Church
An active Orthodox church
The Trinity Cathedral is the main temple of the Alexander Nevsky Lavra. Currently belongs to the St. Petersburg diocese of the Russian Orthodox Church.
The cathedral was built in the last third of the 18th century. The design of the project was entrusted in 1774 to the architect I. E. Starov. In February 1776 Catherine II approved the project. On August 30, 1778, the day of the transfer of the relics of St. Alexander Nevsky, Metropolitan Gabriel in the presence of the Empress held the ceremony of laying the temple. The construction of the cathedral and its exterior decoration were completed by 1788. The walls, vaults and domes were painted by August 1790.
The cathedral is rich in interior decoration. Catherine II presented the church with precious liturgical objects and paintings on church subjects by masters of the Western European art and Russian artists-academics.
In the spring of 1922 most of the church values of the cathedral were requisitioned. The relics of Alexander Nevsky were seized and the silver sarcophagus was transferred to the Hermitage. In 1933 the cathedral was closed, its premises were rented and the paintings were transferred to the Museum Fund.
In 1956 there a decision to return the Trinity Cathedral to the faithful was made. The building of the temple was badly damaged by the tenants and from shelling during the war. So in 1957-1960 the cathedral was renovated with the means of the Patriarchate, the Leningrad and other dioceses and the donations of the faithful.
On June 3, 1989 the relics of St. Alexander Nevsky were returned from the Museum of the History of Religion and Atheism to the Trinity Cathedral. Currently many revered shrines are in the cathedral.

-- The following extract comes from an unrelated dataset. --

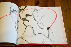 這本也是運用了螢光色的書,封面的設計很有巧思,需要想一下才能猜出是什麼東西。會買這本書是因為,動物們把某個東西來當作跳繩,而我剛好有在蒐集「線」為主題的繪本。它幾乎是本無字書(還是根本就是?)劇情非常有張力,好喜歡。

In front of the Trinity Cathedral there is the "Communist platform". In 2009 it was renamed to the Cossack Cemetery. Participants in the defense of Petrograd, the victims of the Kronstadt rebellion, the old Bolsheviks, the hereditary workers of St. Petersburg, famous scientists and engineers - this is the composition of this some kind of Soviet necropolis. The burials, which were stopped in the late 1930s, were renewed during the Great Patriotic War when members of the battle for Leningrad were buried on the Communist platform. Altogether there are about 340 graves.